In the end, the best fine-tuned model was from OpenAI, with a loss of 0.098, while Mistral NeMo was around 0.67 (I chose the fined-tuned model from mistral with the best performance). Based on this benchmark, I decided to stay with the fine-tuned GPT Nano.

The final touch

So finally, to process my data, I decided to use few-shot prompting in addition to the fine-tuned GPT Nano model. Why? After some quick calculations, I saw that processing all six seasons would cost me between $15 and $20, taking about 1 hour per season without batching the calls so well within my budget.

During the data parsing, I added a validation layer with a retry mechanism. The goal is to validate the content (in terms of format and fields) in the output and to avoid breaking the post-processing.

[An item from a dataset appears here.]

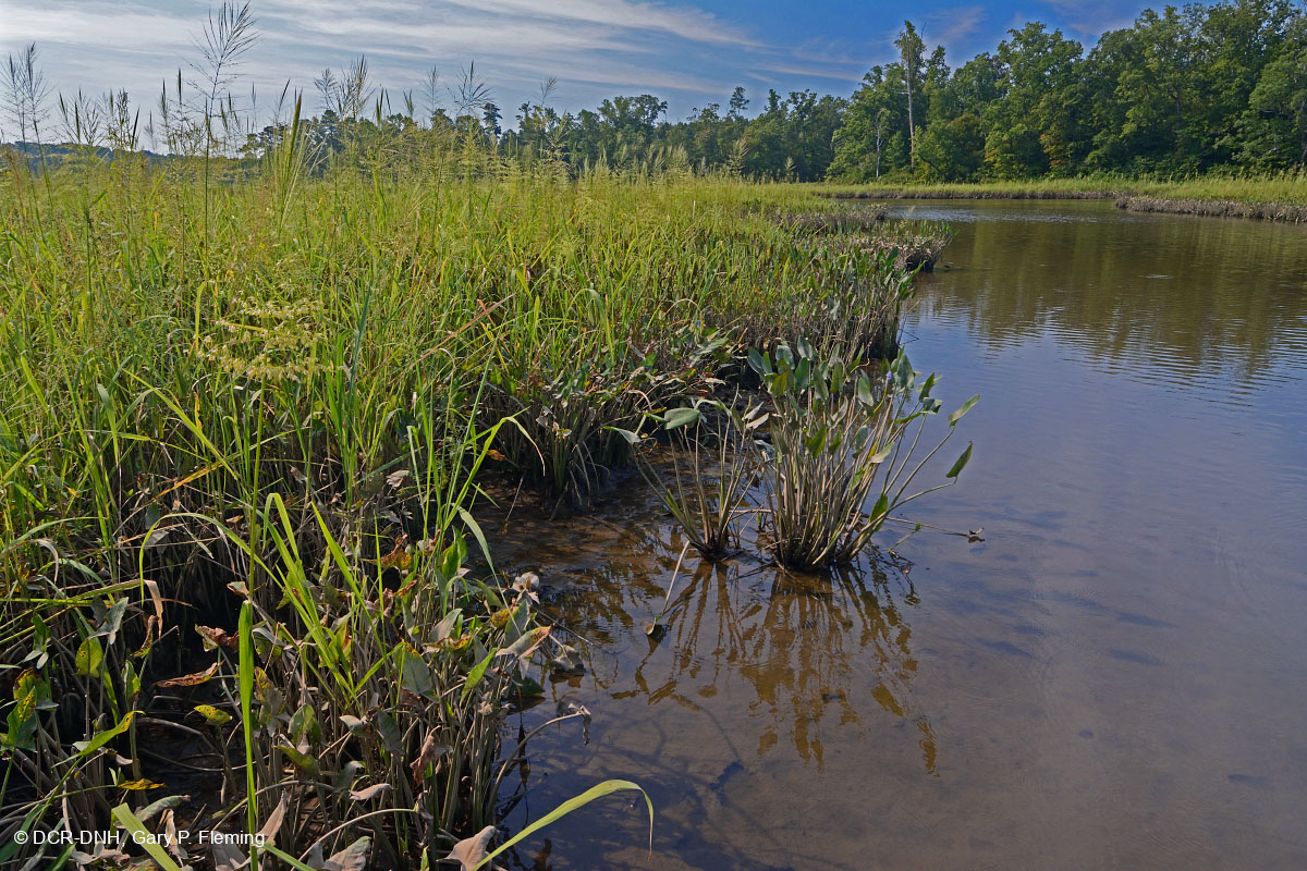 Khía cạnh cuối mùa hè của đầm lầy Ashton Creek ở Hạt Chesterfield, với lúa dại cao (Zizania aquatica var. aquatica) chiếm ưu thế áp đảo; loài này sẽ mới nảy mầm và hầu như không đáng chú ý trong cùng một khu vực vào đầu tháng 6. Công viên Point of Rocks © DCR-DNH, Gary P.Fleming

OpenAI, for example, offers the ability to enforce output’s structure, but I still think it is good to add a deeper validation of the structure to avoid surprises in the process.

So, now with all the data processed in the LLM, everything is perfect? Not really.

Specifically, there were some issues with the character field. Some parentheticals were not processed properly. I had to add a mapping layer for about 400 characters that were processed too roughly, to extract the name and parenthetical. I built a large mapping that also normalizes the character names across the seasons (like “Dame Seli,” “Seli,” etc.).

I used some data cleaning functions that I originally developed for the project. But to be honest, my original file processing without an LLM had more than 1,200 character names that were not processed correctly, so the LLM still did a good job.

You can find the final dataset in Kaggle or Github. I also took the liberty to add the URL of the related episode on YouTube, which I fetched from the YouTube API and matched with the episode information from the extract of the Hypnoweb website.

Closing notes

As you can expect, the next steps will be to work with the dataset and make some project about NLP and generative AI. I am currently working on text embedding and RAG mainly for episode discovery. I will also wait for feedback to improve the dataset, as I’m sure the transcription is not perfect.

More generally, working with LLMs for this project highlighted a few things:

  • Proper benchmarking is essential: I only did a basic one here, and I think it’s important to be able to quickly switch model providers to test the prediction’s quality. Don’t overlook the possibility of running models locally when feasible.
  • It all comes down to cost, accuracy, and time: For this kind of project, you can keep costs low if you’re smart (and remember not to use the automatic top-up balance feature of your account).
  • Having a good annotation pipeline really matters: In my case, it was simple, but being able to quickly create samples for few-shot prompting or datasets for fine-tuning is key to fast iteration. Fine-tuning is now just a few clicks and API calls away, so you need to be efficient at creating data.